Identifying and addressing these fears can be helpful, such as using self-distancing or talking to oneself using self-distanced language.

Increase Motivation

Gamifying behavior, creating streaks, rewarding accomplishments, setting immediate outcomes, and visualizing future selves can all help increase motivation and reduce procrastination.

Increase Energy

Increasing energy can help reduce procrastination.

This can involve taking breaks, improving emotion regulation, developing self-efficacy, developing self-compassion, and treating underlying conditions.

Improve Environment

Improving the environment can also help reduce procrastination.

This can involve removing distractions, using social techniques, using time-management techniques, creating starting rituals, starting with best or worst tasks, immediately completing small tasks, dealing with bottlenecks, and switching between tasks.

Closing Words

This guide has provided readers with the main tools they need to stop procrastinating.
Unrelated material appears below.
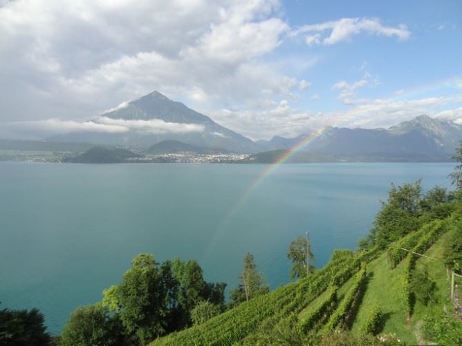 Am Rebberg Stampbach gedeihen 4 Aren Riesling-Sylvaner, 14 Aren Pinot Noir und 13 Aren Regent. Seit mehr als tausend Jahren ist der Rebbau am Thunersee urkundlich erwähnt. Während sich einst die Rebhänge hier ähnlich derjenigen am Bieler- oder Neuenburgersee zeigten, führte der Konkurrenzdruck durch Weine aus der Westschweiz und dem Burgund, sowie Pilz- und Schädlingsbefall (Mehltau-Reblaus), zum Verschwinden aller Reben aus der Region um den Thunersee.

However, it is up to the reader to take action and implement these tools.

If the reader is unsure where to start, they can write down a specific and realistic goal related to something they have been procrastinating on.

They should also write down how, where, when, and why they have been procrastinating on it.
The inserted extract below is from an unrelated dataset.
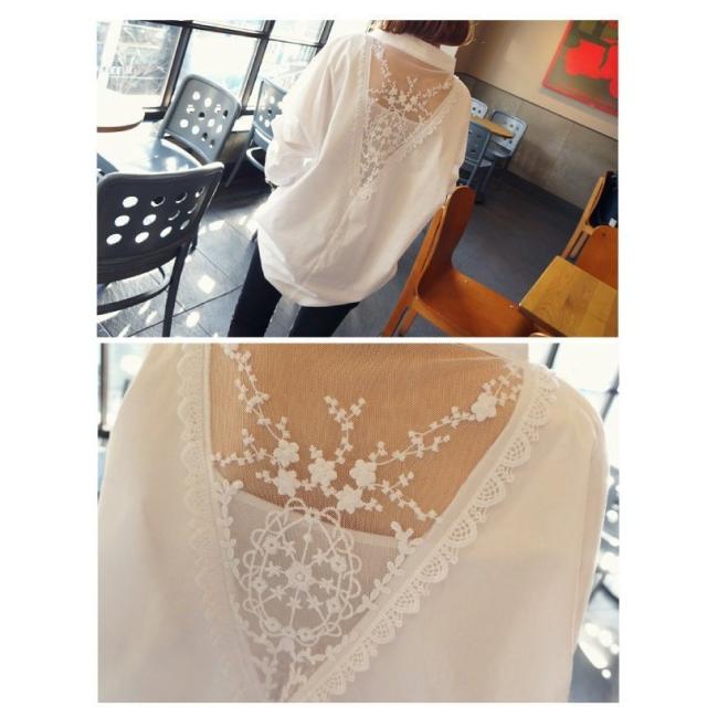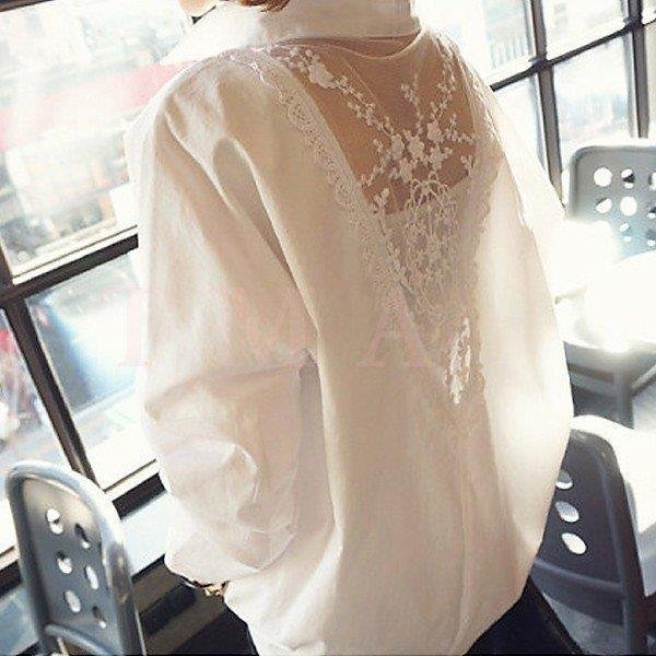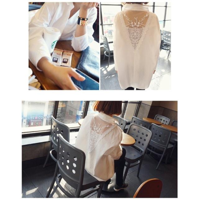 ブラウス トップス レディース オシャレ レース シャツ ゆったり 長袖 ロング丈ブラウス 切り替え 韓国風 白 40代 春 夏 秋

Next, the reader should pick 1-3 anti-procrastination techniques that look relevant to their situation.

Some effective techniques include breaking tasks into manageable steps, committing to a tiny first step, and making it harder to procrastinate.

It is important to remember that perfection is not necessary, and the most important thing is to just get started.
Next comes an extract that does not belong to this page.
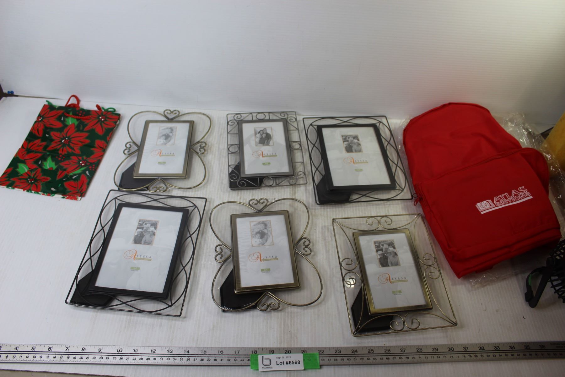 Nylon Atlas Backpack + Christmas Gift bag + (6) Picture Frames (2) 9 1/2 x 7 1/2 + 9 x 6 3/4 + (2) 8 1/2 x 7 + 8 x 6 (NIB)

The reader can refine their approach later by adding more goals and techniques.

It is crucial to take action now instead of putting it off for later, as the longer one waits, the less likely they are to act on what they have learned.

By implementing the tools and techniques provided in this guide, the reader can overcome procrastination and achieve their goals.

Frequently Asked Questions

What strategies can individuals employ to overcome procrastination?

There are several strategies that individuals can employ to overcome procrastination. Some of these strategies include:

  • Breaking down tasks into smaller, more manageable pieces
  • Setting achievable goals and deadlines
  • Creating a to-do list and prioritizing tasks
  • Using a timer to help stay focused
  • Eliminating distractions, such as turning off notifications on electronic devices
  • Working in a quiet, organized space
  • Rewarding oneself after completing a task
  • Seeking support from friends, family, or a therapist
  • Practicing self-compassion and avoiding harsh self-criticism

Are there any books that specifically help with procrastination?

Yes, there are several books that can help with procrastination.

  • “The Now Habit: A Strategic Program for Overcoming Procrastination and Enjoying Guilt-Free Play” by Neil Fiore
  • “Eat That Frog!: 21 Great Ways to Stop Procrastinating and Get More Done in Less Time” by Brian Tracy
  • “The Procrastination Equation: How to Stop Putting Things Off and Start Getting Stuff Done” by Piers Steel
  • “Solving the Procrastination Puzzle: A Concise Guide to Strategies for Change” by Timothy A. Pychyl

What scientific methods are proven to help reduce procrastination?

Several scientific methods have been proven to help reduce procrastination. These include:

  • Cognitive-behavioral therapy (CBT)
  • Mindfulness-based interventions
  • Acceptance and commitment therapy (ACT)
  • Behavioral activation therapy (BAT)
  • Motivational interviewing (MI)

Can you list ten effective tactics to combat procrastination?

Here are ten effective tactics to combat procrastination:

  1. Break tasks into smaller, more manageable pieces
  2. Set achievable goals and deadlines
  3. Create a to-do list and prioritize tasks
  4. Use a timer to stay focused
  5. Eliminate distractions, such as turning off notifications on electronic devices
  6. Work in a quiet, organized space
  7. Reward yourself after completing a task
  8. Seek support from friends, family, or a therapist
  9. Practice self-compassion and avoid harsh self-criticism
  10. Use positive self-talk to stay motivated

What techniques can individuals with ADHD use to manage procrastination?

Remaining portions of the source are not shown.